TASK BRIEF => Output the data below exactly, images excluded.

SUPPLIED DATA =>
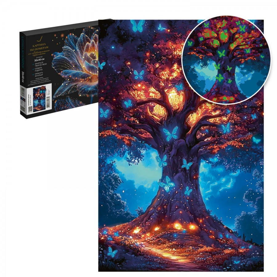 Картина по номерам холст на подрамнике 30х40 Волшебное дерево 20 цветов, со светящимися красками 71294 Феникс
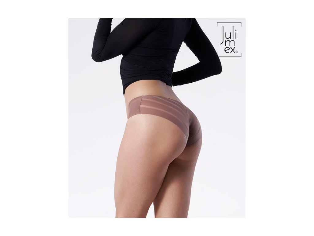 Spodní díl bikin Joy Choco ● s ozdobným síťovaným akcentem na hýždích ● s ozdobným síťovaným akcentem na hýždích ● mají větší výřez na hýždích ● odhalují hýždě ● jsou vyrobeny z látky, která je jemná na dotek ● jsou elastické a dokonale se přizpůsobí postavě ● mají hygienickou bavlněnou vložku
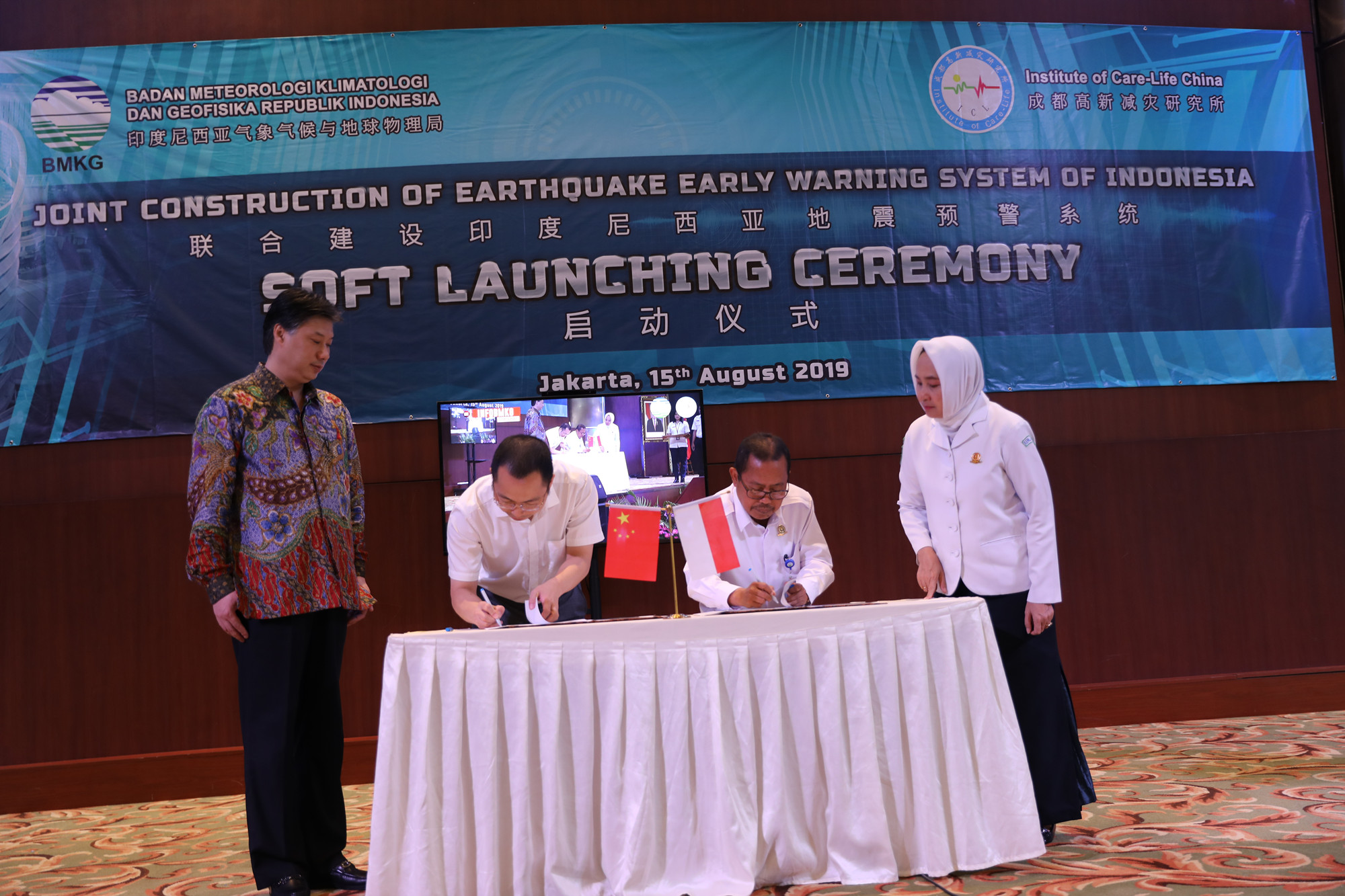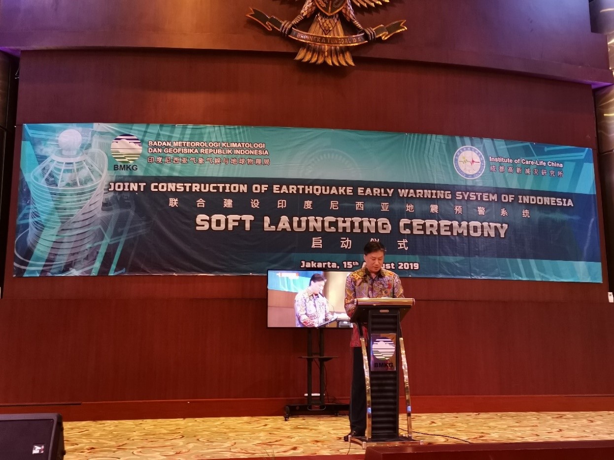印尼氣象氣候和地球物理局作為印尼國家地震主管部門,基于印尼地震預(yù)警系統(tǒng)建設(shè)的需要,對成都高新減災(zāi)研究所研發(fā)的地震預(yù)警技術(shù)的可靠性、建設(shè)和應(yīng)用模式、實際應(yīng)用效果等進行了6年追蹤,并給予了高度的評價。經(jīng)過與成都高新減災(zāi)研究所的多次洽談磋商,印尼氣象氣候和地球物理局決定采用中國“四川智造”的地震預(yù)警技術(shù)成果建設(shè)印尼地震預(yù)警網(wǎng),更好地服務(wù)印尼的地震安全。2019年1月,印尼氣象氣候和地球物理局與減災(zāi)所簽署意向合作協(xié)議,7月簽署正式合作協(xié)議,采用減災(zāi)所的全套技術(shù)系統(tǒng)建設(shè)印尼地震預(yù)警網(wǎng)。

OUTPUT OF THE TASK =>
 Картина по номерам холст на подрамнике 30х40 Волшебное дерево 20 цветов, со светящимися красками 71294 Феникс
 Spodní díl bikin Joy Choco ● s ozdobným síťovaným akcentem na hýždích ● s ozdobným síťovaným akcentem na hýždích ● mají větší výřez na hýždích ● odhalují hýždě ● jsou vyrobeny z látky, která je jemná na dotek ● jsou elastické a dokonale se přizpůsobí postavě ● mají hygienickou bavlněnou vložku
印尼氣象氣候和地球物理局作為印尼國家地震主管部門,基于印尼地震預(yù)警系統(tǒng)建設(shè)的需要,對成都高新減災(zāi)研究所研發(fā)的地震預(yù)警技術(shù)的可靠性、建設(shè)和應(yīng)用模式、實際應(yīng)用效果等進行了6年追蹤,并給予了高度的評價。經(jīng)過與成都高新減災(zāi)研究所的多次洽談磋商,印尼氣象氣候和地球物理局決定采用中國“四川智造”的地震預(yù)警技術(shù)成果建設(shè)印尼地震預(yù)警網(wǎng),更好地服務(wù)印尼的地震安全。2019年1月,印尼氣象氣候和地球物理局與減災(zāi)所簽署意向合作協(xié)議,7月簽署正式合作協(xié)議,采用減災(zāi)所的全套技術(shù)系統(tǒng)建設(shè)印尼地震預(yù)警網(wǎng)。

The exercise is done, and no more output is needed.